Question: A circle touches the lines $2x+3y+1=0$ at the point (1, -1) and is orthogonal to the circle which has the line segment having end points (0, -1) and (-2, 3) as the diameter. What is the equation of the circle?
Approach so far: Using the given coordinates of the line segment, the radius as well as the center of the circle can easily be calculated. However I am lost as how to proceed further.

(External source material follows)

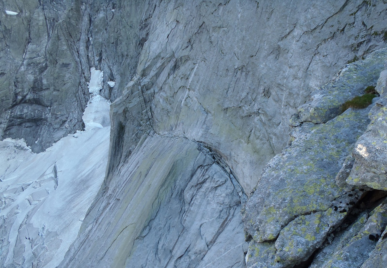 The upper section of the Cassin Route on the NE face of Piz Badile |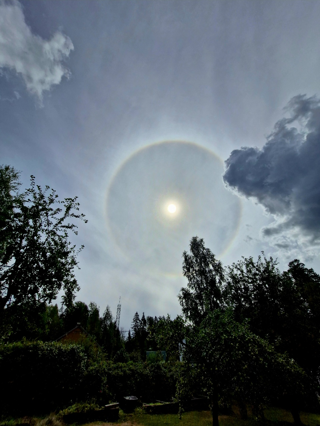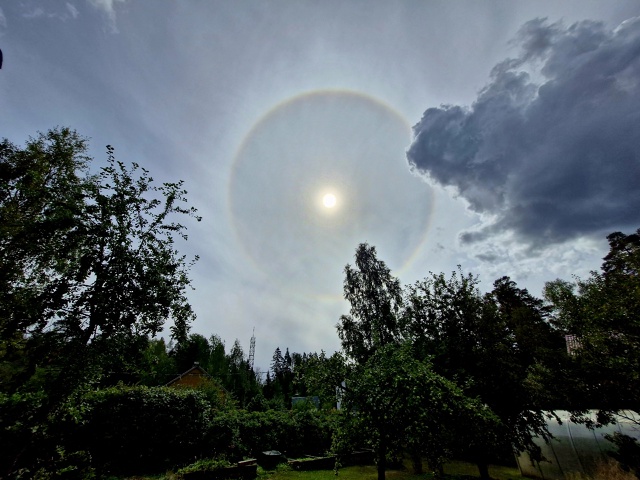 Солнечное гало образуется из-за преломления света в ледяных кристаллах в верхних слоях атмосферы. Это оптическое явление, которое представляет собой светящееся кольцо вокруг Солнца, но бывают и другие формы — дуги, столбы, кресты, отмечают ученые.

Please help!
There are 2 circles called $C_k$ and $C_r$.
$C_k$ is the known circle with center at … (-1, 1) and $radius^2 = r^2 = … = 20$.
$C_r$ is the required circle with center at (h, k) and radius = R = d[(h, k), (1, -1)].

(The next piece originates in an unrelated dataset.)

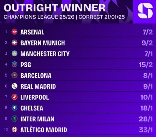 欧冠最新夺冠赔率:阿森纳居首,拜仁、曼城、巴黎、巴萨前五
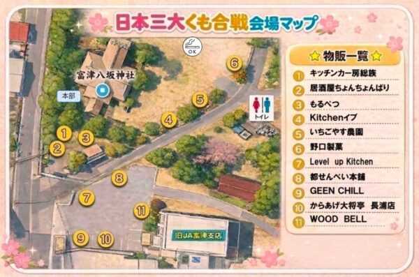 設備: 会場内にトイレ完備、指定の喫煙スペースあり(本部近く)

The line perpendicular to $2x + 3y +1 = 0$ and passing through (1, -1) is …. $2x – 3y – 5 = 0$
(h, k) lies on $2x – 3y – 5 = 0$ implies $2h – 3k – 5 = 0$ …… (1)
By orthogonality, r^2 + R^2 = (distance between centers)^2
i.e. $20 + [d[(h, k), (1, -1)]]^2 = [d[(h, k), (-1, 1)]]^2$ ….. (2)
(2) can be reduced to a linear equation in h and k (I hope it is independent from (1).)
Solving (1) and (2) will give you the values of h and k. This in turn means C_r can be found.